Cell wall (calcofluor white, CFW) and Golgi staining (C6-NBD-Cer) in WT and mutant cells. (A) Microscopic examination of stained fungal cells suggested reduced levels of Golgi staining in mutant cells. (B) Quantitative determination of fluorescent cells (100 cells for each condition) confirmed a significantly reduced detection of Golgi staining in the mutants, in comparison with WT cells. Scale bars, 10 µm.

Fig 13

Analysis of EV formation in C. deuterogattii. EVs produced by wild-type (A), Past1 (B), and Past2 (C) cells were characterized by TEM (upper panels) and NTA (lower panels). EVs from all strains, in general, manifested similar properties. (D) Quantification of EVs produced by each strain revealed a significantly reduced number of vesicles produced by mutant cells, in comparison to the WT strain (****P  <  0.0001; ***P  =  0.002). EV production was smaller in the Past2 mutant than in the Past1 strain (**P  =  0.0036). (E) Measurement of urease activity in the three strains revealed that the mutants had a lower ability to hydrolyze urea (****P  <  0.0001). Both mutants manifested similar urease activities (ns, not significant).

Fig 14

Multivariate data analysis of small molecule composition in WT and mutant cells of C. deuterogattii based on liquid chromatography-mass spectrometry (LC-MS) data. (A) PLS-DA of EVs LC-MS data. Each sphere in this analysis represents a single replicate. The elliptical area around the three replicates represents the confident zone of each group. In this analysis, R² and Q² values corresponded to 0.98 and 0.20, respectively, confirming the consistency between the original and cross-validation predicted data. (B) Three metabolites [Phe-Pro, Pyro Glu-Leu, and Cyclo (Tyr-Pro)] were classified as variables important in the projection (VIP) features indicated by PLS-DA. Only VIPs with a coefficient score above 3.0 and P < 0.01 for the permutation test were selected. Their molecular formula [M + H]⁺ and coefficient scores calculated for the PLS-DA model shown in A are listed.

Fig 15

A role for EVs in the ability of C. deuterogattii to kill G. mellonella. All larvae survived after injection with PBS alone, EVs from wild-type (WT) cells, or EVs from the Past2 mutant.
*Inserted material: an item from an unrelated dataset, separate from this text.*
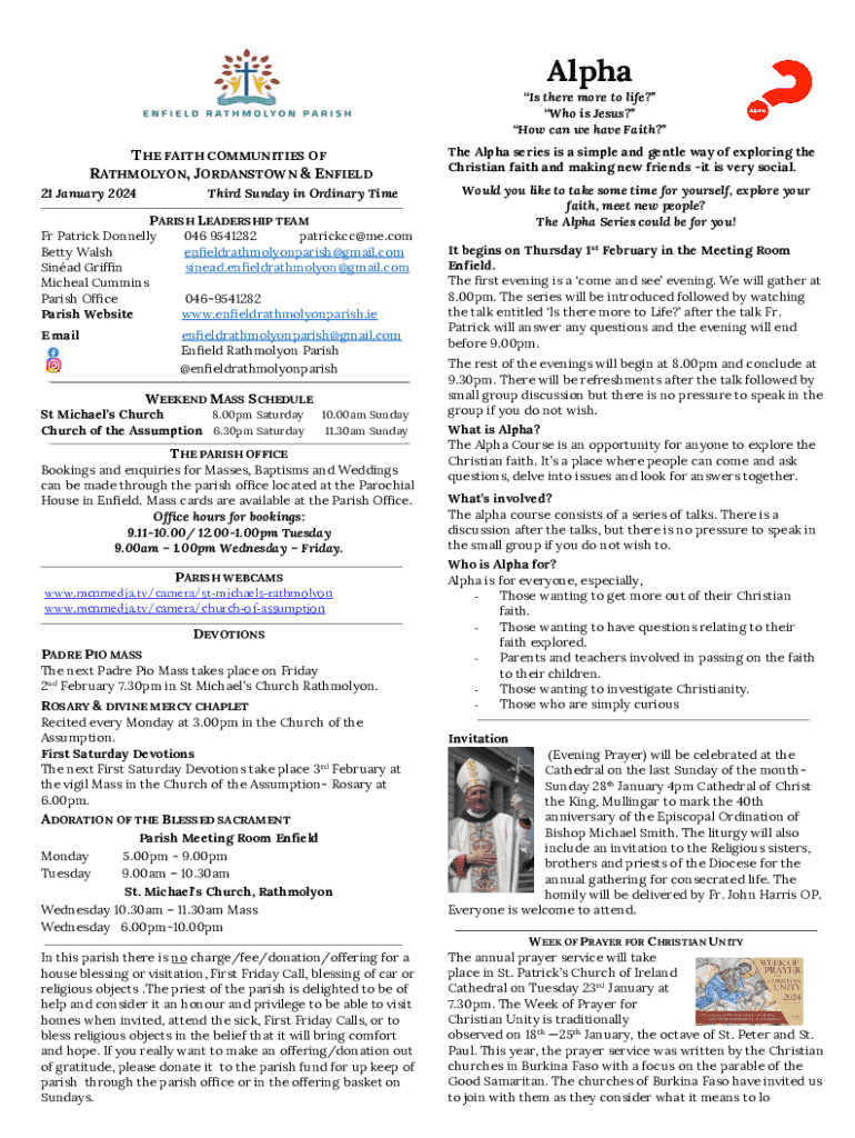 AlphaIs there more to life? Who is Jesus? How can we have Faith?THE FAITH COMMUNITIES OF RATHMOLYON, JORDANSTOWN & ENFIELD 21 January 2024Third Sunday in Ordinary TimePARISH LEADERSHIP TEAMFr Patrick

Animals infected with the Past2 mutant alone or the mutant in the presence of their own EVs had similar mortality rates (P = 0.5488). In contrast, infection of G. mellonella with the Past2 mutant in the presence of EVs produced by WT cells resulted in higher mortality rates in comparison with all other systems infected with the Past2 mutant of C. deuterogattii (P = 0.0007). Statistical analysis was performed with the Mantel-Cox test.